Later, the trio traveled to California, where Smart testified she feared she would not be found. Smart said she suggested a return to Utah, where Mitchell could find another teenaged girl to be a wife. She was rescued in March 2003 when the trio was spotted on a Sandy street.
While Smart's testimony was the most dramatic, much of the trial focused on dueling mental health experts.
Mitchell's attorneys argued he was severely mentally ill and acting under the delusional belief that God had ordered him to abduct Smart to make her a plural wife. Mitchell, who disrupted the court by singing hymns each morning, was routinely removed to a room where he could watch the proceedings on a closed-circuit TV.
Barzee testified Mitchell had revelations that he would take at least seven wives and battle the anti-Christ to restore the Mormon church to its true polygamous beginnings. Prior to abducting Smart, Barzee said Mitchell had a revelation telling him to acquire wives by taking young girls by force.
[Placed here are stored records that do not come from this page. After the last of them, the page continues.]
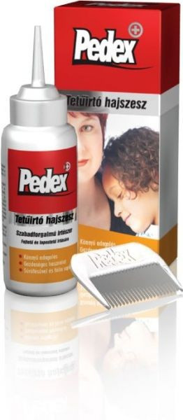 50 ml-es tetűirtó hajszesz; Pedex termék fejtetű és serkék eltávolításához.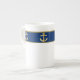 Stylish white china mug, with a golden edged blue band, around the top, with graphics of golden anchors. Customise to add any text you want.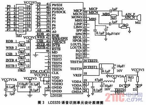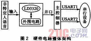 如圖2所示,硬件電路主要包括主控核心部分和語(yǔ)音識(shí)別部分。語(yǔ)音進(jìn)入語(yǔ)音識(shí)別部分后,將處理過(guò)的數(shù)據(jù)并行傳輸?shù)街骺刂破,主控制器?jīng)過(guò)處理后,發(fā)送命令數(shù)據(jù)到USART,USART可用于擴(kuò)展外圍串行設(shè)備,如語(yǔ)音合成模塊等。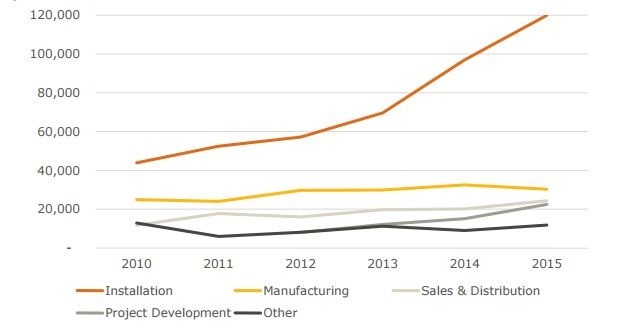 根据美国劳工部数据,美国太阳能行业在2015年所创造的就业岗位超过美国油气勘探和管道工业的总和,其增速更是美国经济增速的12倍。

A defense expert testified Mitchell suffers from a disorder in which his delusions are encapsulated and triggered only by religious ideas. Another defense expert claimed Mitchell suffers from paranoid schizophrenia.
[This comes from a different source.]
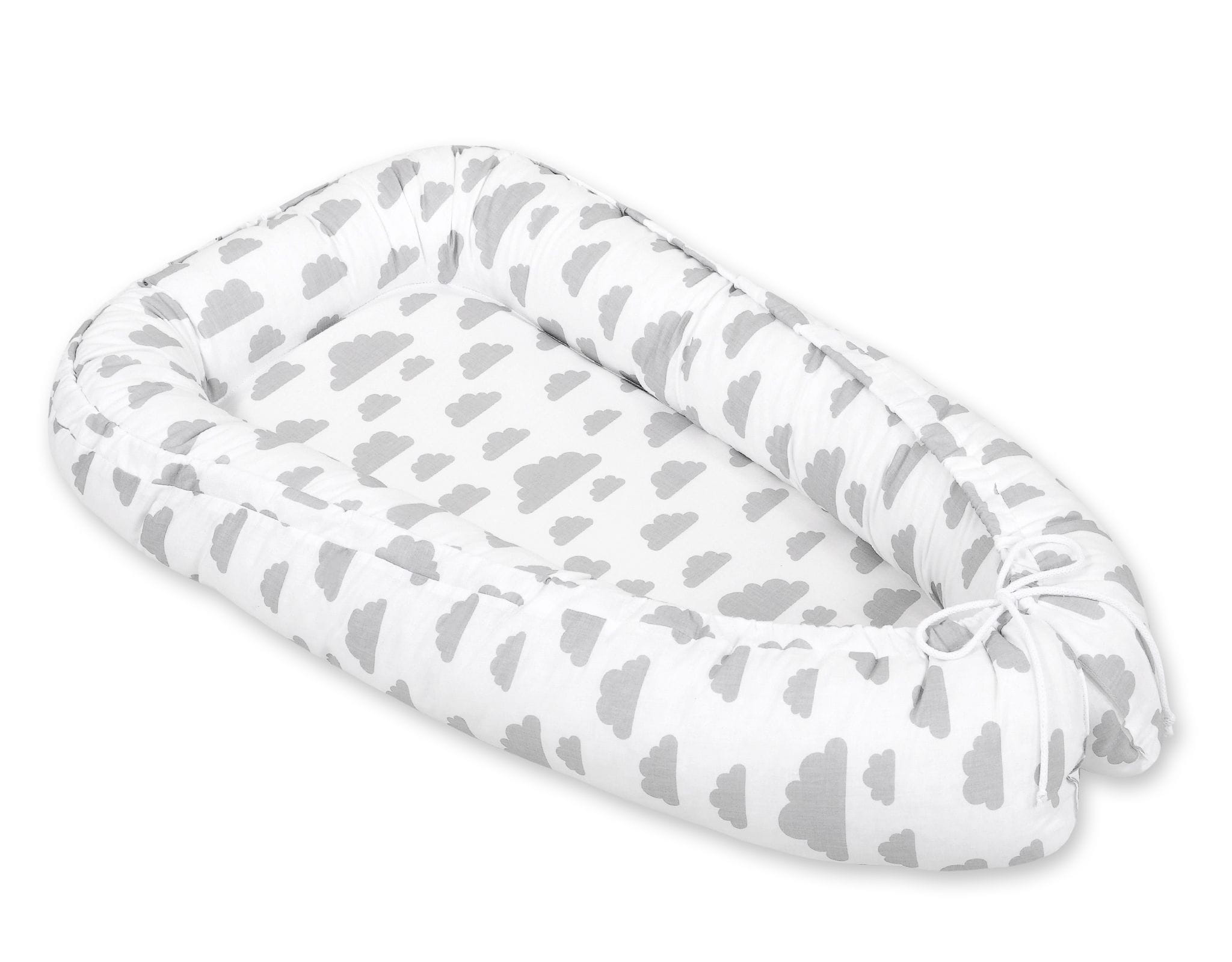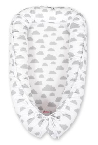 Kokon niemowlęcy dwustronny kojec otulacz Premium BOBONO- chmurki szare

But prosecution experts told jurors Mitchell did not suffer from any severe mental illness. Rather, they said, he is a pedophile and a psychopath, who also has anti-social and personality disorders.
A 12-member jury deliberated five hours and convicted Mitchell of felony kidnapping and unlawful transportation of a minor across state lines for the purpose of engaging in sexual activity.
Prosecutors and defense attorneys have filed a series of memos this month in federal court, arguing how much prison time Mitchell should serve.
Attorneys for Mitchell have argued that Mitchell shouldn't receive a sentence longer than suggested guidelines, which call for a 30-year minimum. They assert Mitchell shared equal culpability with the 65-year-old Barzee, who is serving a maximum of 15 years behind bars for her role in the crime. They've also disputed an argument from prosecutors that Mitchell obstructed justice by feigning mental illness through singing in court.
Prosecutors, meanwhile, contend that Mitchell conceived of everything to do with the kidnapping scheme, from deciding to target young girls to sexually abuse them, to constructing a system to tether captives at his mountain camp, to instructing Barzee and Smart on how to behave in public and fabricating cover stories to use when confronted by police in Utah and California.
Mitchell also "exercised dominance or power" over Barzee by having purported "revelations" from God and threatening her with "eternal consequences" if she did not participate in the crimes, according to prosecutors, who cited testimony from Mitchell's trial and competency hearing.
Mitchell told Barzee he had a revelation that they were to "plunder" young wives between the ages of 10 and 14 because they were more "malleable," prosecutors wrote. And when Barzee became uncooperative, Mitchell employed "priesthood blessings," purporting to give her instructions from God to ensure her submission, prosecutors wrote.
Prosecutors believe Mitchell should never get out of prison.
"A life sentence is necessary to protect the public from further crimes of the defendant," prosecutors wrote. " ... the defendant is a pedophile who has victimized not only Ms. Smart, but other children as well.
"Not only is the defendant a recidivist, but his refusal to acknowledge the wrongfulness of his conduct poses an even greater risk of future crimes against children. This defendant cannot be released back into society."